Matchhärte nach langer Verletzungspause aufbauen

Solche Matches, erklärte Draper, seien ein wichtiger Bestandteil, um nach Monaten ohne Wettkampf sowohl Selbstvertrauen als auch mentale Widerstandskraft wieder aufzubauen. „Heute hat es mir geholfen, tatsächlich drei Sätze zu spielen, länger draußen zu bleiben, Dinge auszuprobieren und in diesen mental schwierigen Situationen zu sein. Denn Breakbälle zu retten und gegen Widerstände im Match anzukämpfen, das Gefühl dabei kann man im Training kaum nachstellen.“
Der Brite ging auch auf Fragen zum Tape an seinem Knie während des Matches ein und stellte fest, dass kleinere körperliche Probleme nach einer langen Verletzungspause beim Weg zurück ins volle Training und in den Wettkampf häufig sind.

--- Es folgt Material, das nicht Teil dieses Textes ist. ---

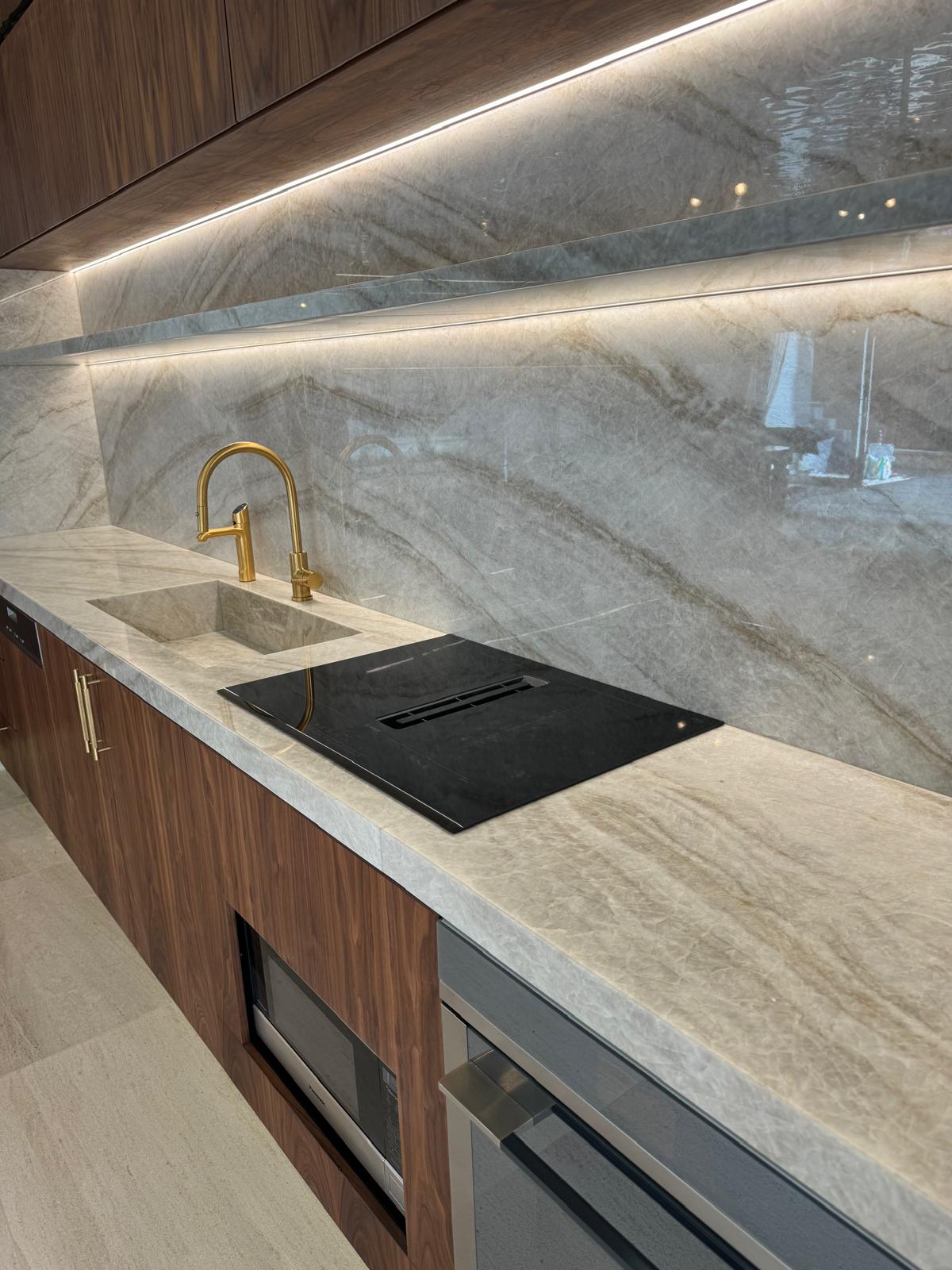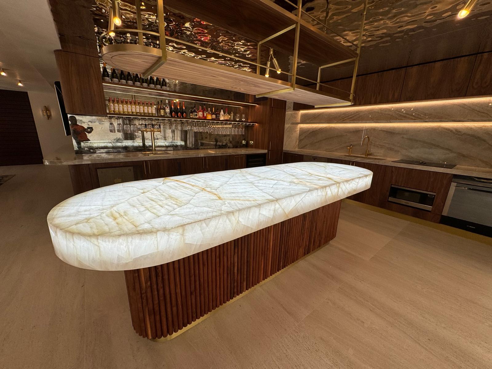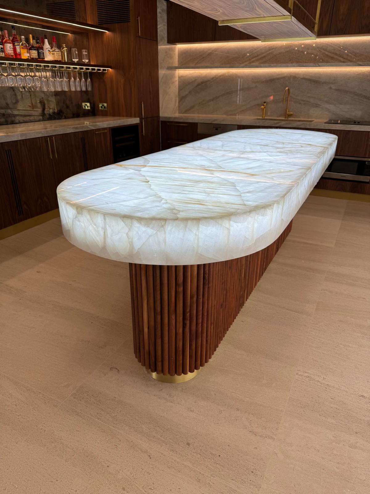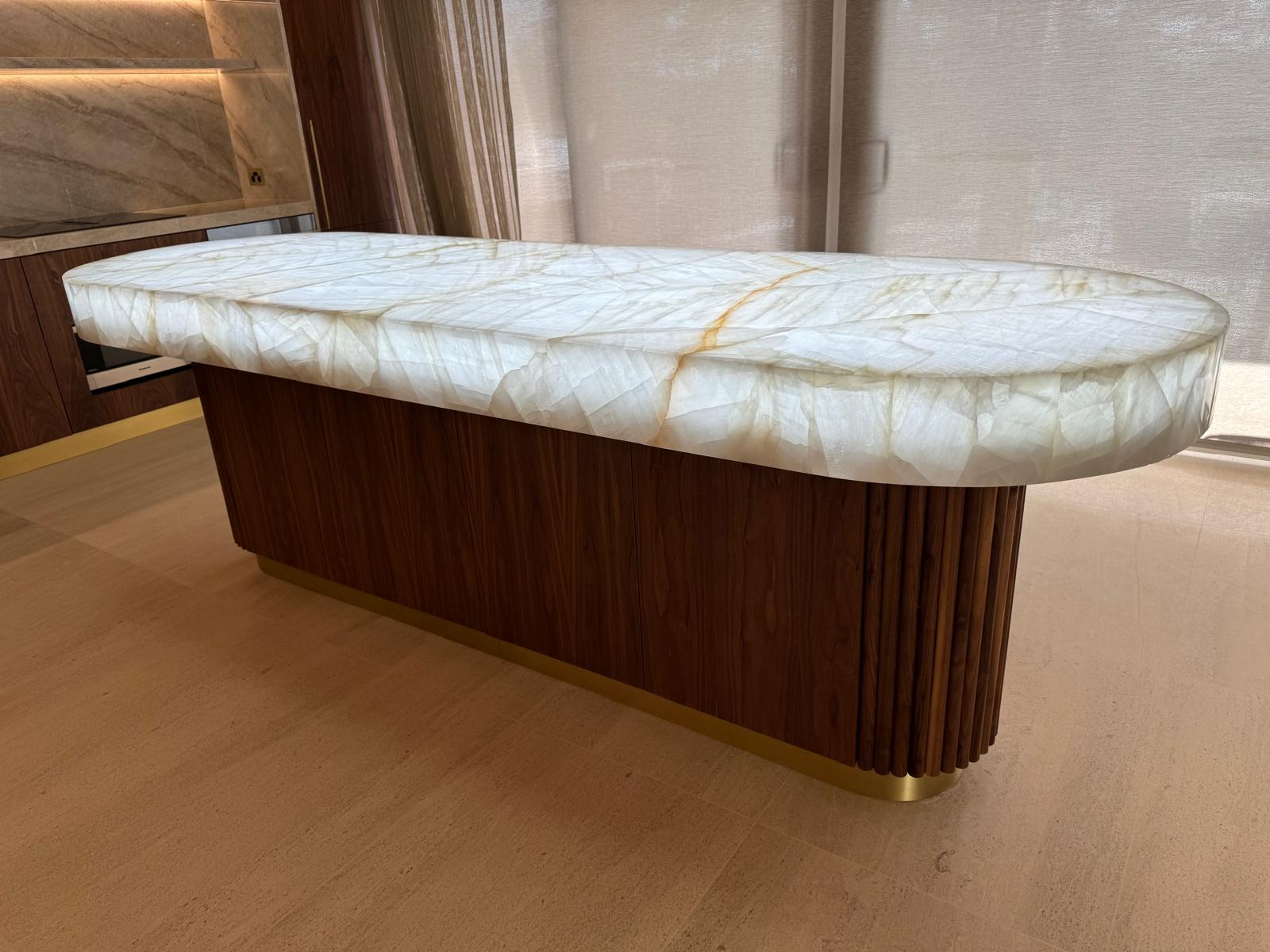 Stonen Fabrication, recently completed a high-end project in Clontarf, NSW, featuring stunning Taj Mahal quartzite benchtops and a luxurious white Onyx island with backlighting. The Taj Mahal stone was meticulously selected for its elegant, warm tones and intricate veining, providing a sophisticated and timeless look for the kitchen benchtops. The centerpiece of the space is the backlit white Onyx island, which creates a breathtaking focal point with its translucent qualities and soft glow, enhancing the ambiance of the entire room. This project not only showcased the exquisite beauty and versatility of natural stone but also demonstrated the precision and craftsmanship required to deliver a flawless installation in a residential setting.
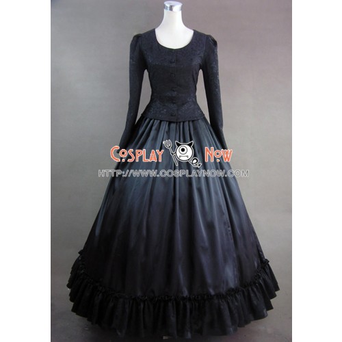 Civil War Victorian Brocaded Ball Gown Black Dress
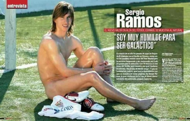 拉莫斯这组大尺度照片是接受《行动者》杂志采访时拍摄的,皇马队长或坐或站,一丝不挂。在其中一张照片中,拉莫斯把鞋带挂在脖子上,鞋带两头系着的两只球鞋绕过他脖子,垂放在他身体前,球鞋刚刚好地遮挡住男人的关键位置。
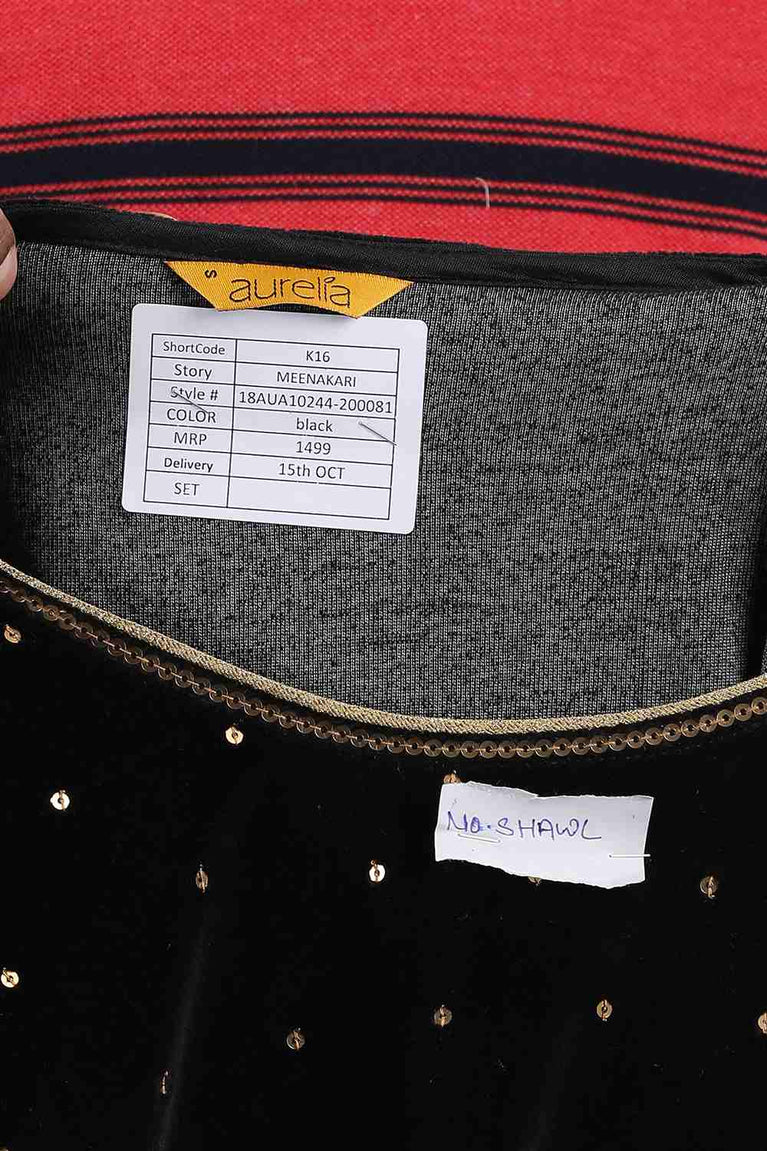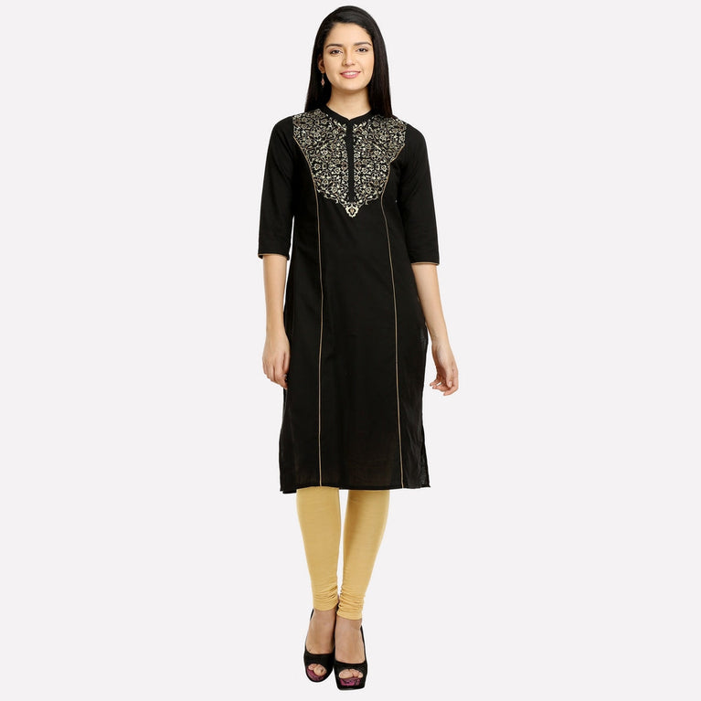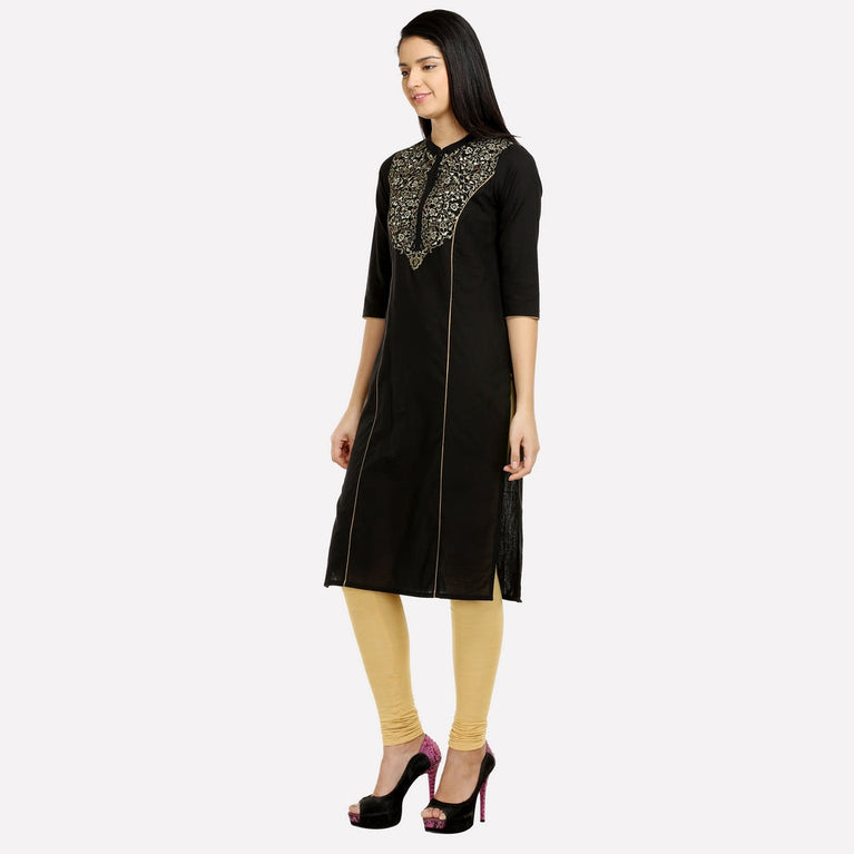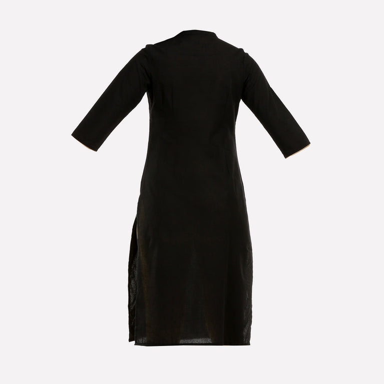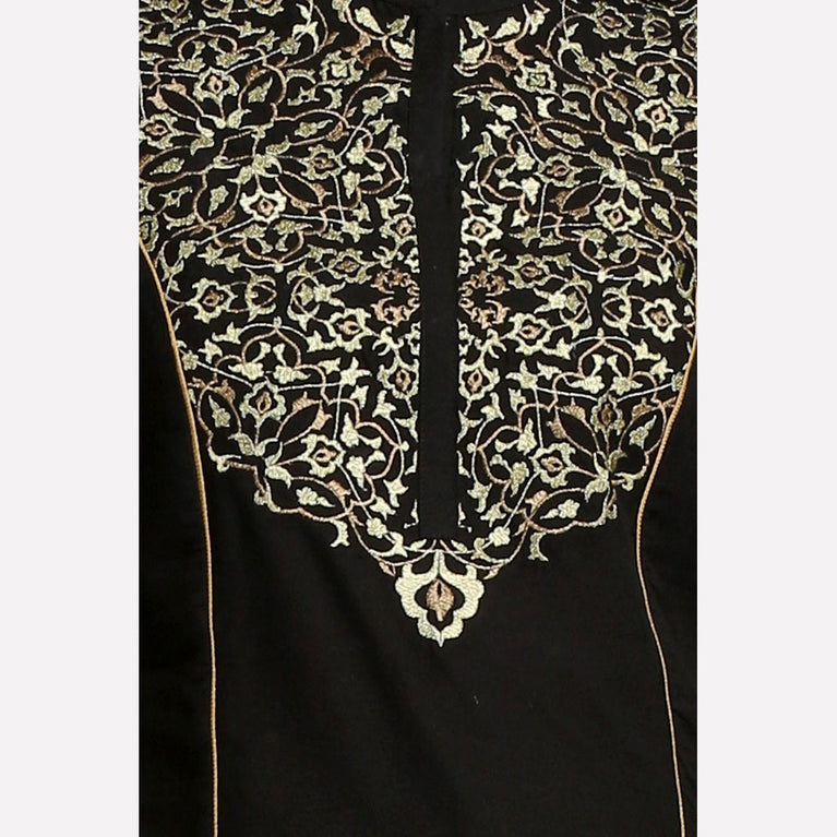 You can never go wrong with this interesting black and golden kurta set. Get ready for festive look with this straight silhouette printed kurta, it features embellished neckline. The kurta is paired with golden tights and dupatta.

Die Konstanz über ein ganzes Match zu halten, bleibt eine der größten Herausforderungen bei seiner Rückkehr, insbesondere auf ATP-Masters-1000-Ebene, wo selbst kurze Aussetzer von erfahrenen Gegnern schnell bestraft werden. „Physisch bin ich noch ein Stück von dem entfernt, wo ich sein will, weil ich auf dem Trainingsplatz und im Matchbetrieb verlorene Zeit aufholen muss, aber ich bin auf dem richtigen Weg. Woche für Woche, Tag für Tag wird es für mich besser.“
Mit dem Sieg hält Draper seine Titelverteidigung bei einem der prestigeträchtigsten Events außerhalb der Grand Slams am Leben. Der britische Linkshänder will nun in der nächsten Runde weiteren Schwung aufnehmen, wo er auf den an Nummer 19 gesetzten Francisco Cerúndolo trifft.